A slightly different take on this, which Scott Adams talks about in a recent podcast with Maureen Anderson (jump to 20:23 for this bit), is that goals used to work. In simpler times it was worthwhile to focus on a concrete goal and pursue it at the cost of all else. In modern times, things change so quickly that it’s better to stay flexible and keep looking for better opportunities that may (will?) present themselves. Maybe within the next 10 years Spain will be looking better than France?
In “So Good They Can’t Ignore You” by Cal Newport addresses a similar idea from a career perspective. He talks about the “passion hypothesis” that suggests everyone will be happy if they figure out what their dream job is (their goal), then go do it. He demolishes this idea showing that the people who endorse this idea, such as Steve Jobs, *DID NOT* do this in their own careers. He interviews people who pursued or achieved what they thought would make them happy, then they weren’t.

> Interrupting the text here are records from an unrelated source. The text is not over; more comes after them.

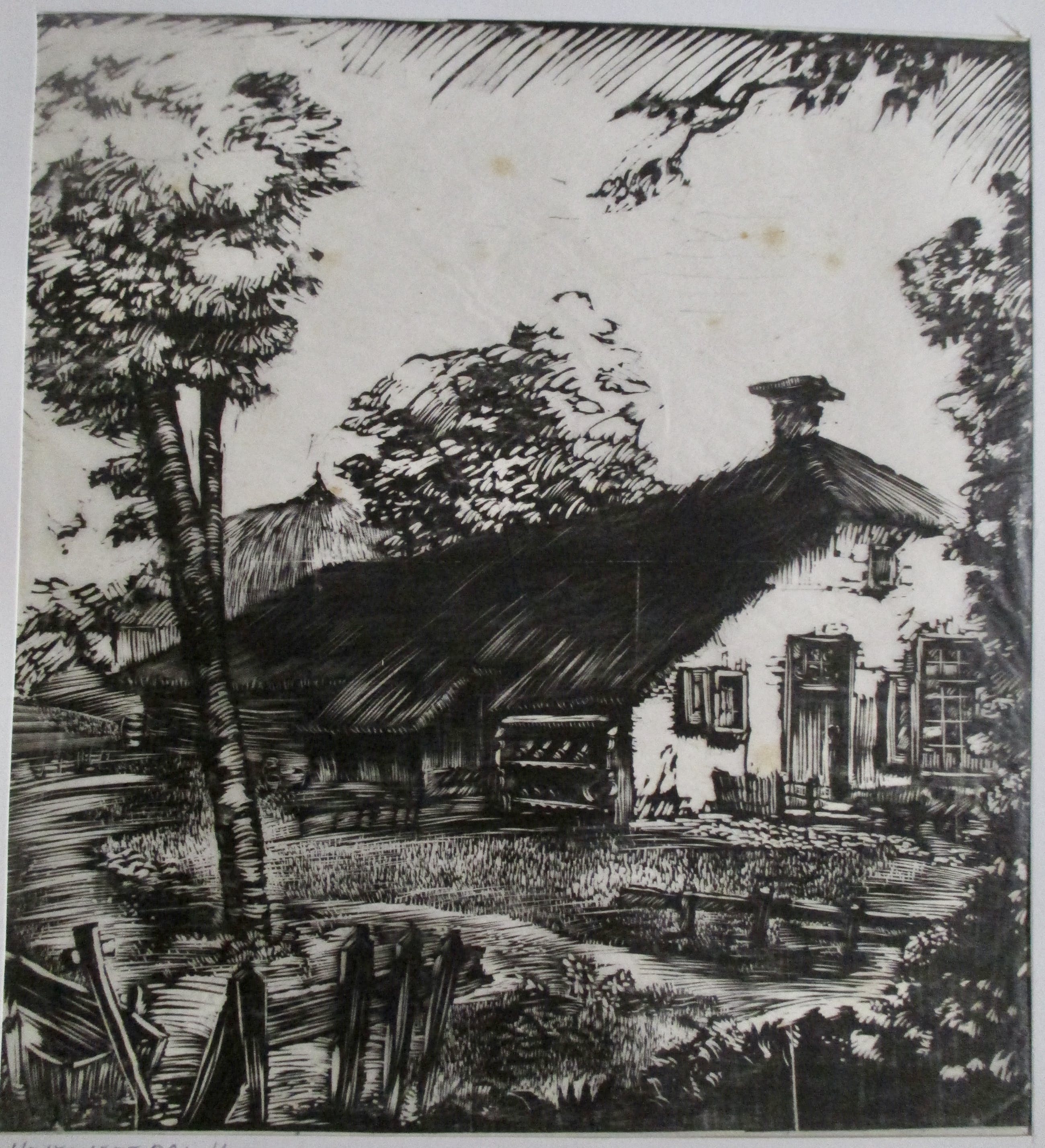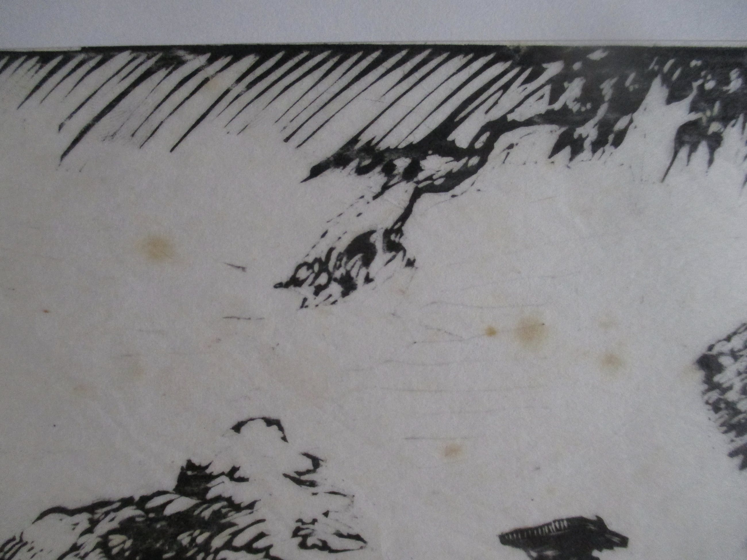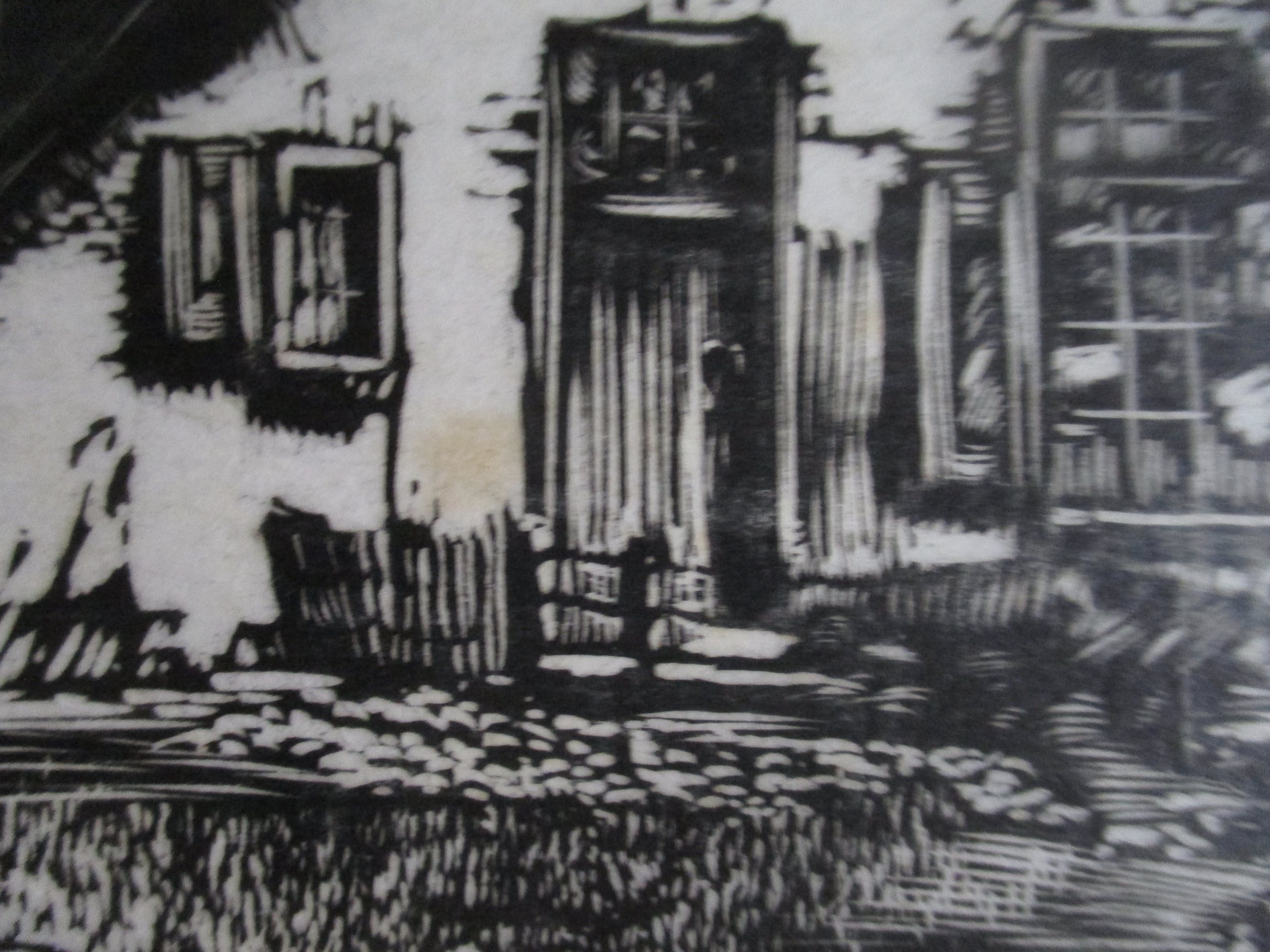 | er loopt een vertikale snede van ca 3 cm over het midden van het beeld, en ook een van 1 cm onderaan het beeld.het is niet storend omdat de snede zo scherp is. Enkele foxingplekjes in de lucht en naast de deur | |||
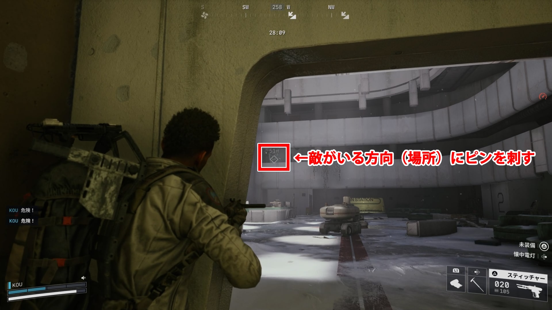 敵がいる場所にピンを刺すと、それを察知した近くにいる他のプレイヤーが助けに来てくれる場合があり、難を逃れることができるかもしれません。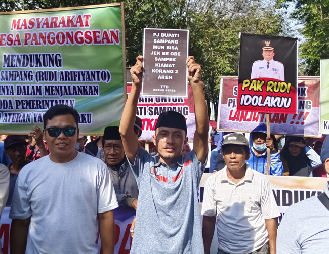 Aksi damai dari ribuan massa tersebut ditunjukkan guna mendukung dan memberikan support moril terhadap kinerja Penjabat (Pj) Bupati Sampang Rudi Arifianto selama ini.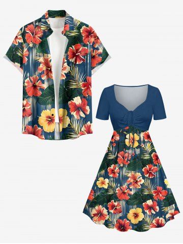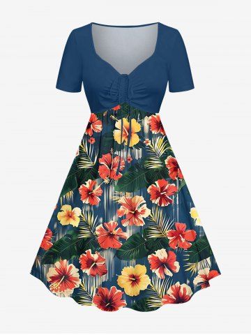 Plus Size Hibiscus Flower Tropical Leaf Print Cinched Hawaii Dress - Cadetblue - Xs

His argument is that there are characteristics of a good career that are worth pursuing, and if we develop expertise in what we’re working on – even if we don’t love doing it – we can exchange this expertise (he calls it “career capital”) for a job and lifestyle that will make us happy. The idea behind this might be that, rather than focusing on the vision of his goal, Graham should develop an in demand skill set (perhaps financial which he already has, or content marketing / blogging which he’s well on the way to mastering) which will allow him to work on his own schedule where he wants (in the South of France, taking a day off for steaks and drinks with his friends whenever he feels like it perhaps). His career capital can be exchanged for the lifestyle he wants. Again, the focus here isn’t on motivation from your vision, but simply developing expertise, getting better at whatever skills you’re currently using, with the idea that you will be able to exchange this expertise for a desirable lifestyle down the road.
Sometimes these arguments come down to “how many angels can dance on the head of a pin” – semantic nonsense that doesn’t get you anywhere. I feel that, pragmatically, there’s something important going on here beyond such a debate. My point, hopefully conveyed in this post, is that the vision of a goal isn’t worthwhile in and of itself. It is worthwhile as something to verify that you’re moving in the right direction and working towards something you really want, but beyond that focusing on your day-to-day tasks is FAR more valuable than reminding yourself of the goal constantly.
AS AN IMPORTANT REMINDER – I’M NOT SAYING GRAHAM CLARK IS A “BAD GUY” OR DENOUNCING HIS SITE IN THIS POST. I AGREE WITH ABOUT 98% OF WHAT I’VE READ ON HIS SITE. THIS IS THE *TINY* PART OF HIS SITE I DISAGREE WITH, WHICH IS WHY I FELT IT WAS WORTHWHILE TO POST.
What do you think? Are goals worthwhile? Is passion bullshit?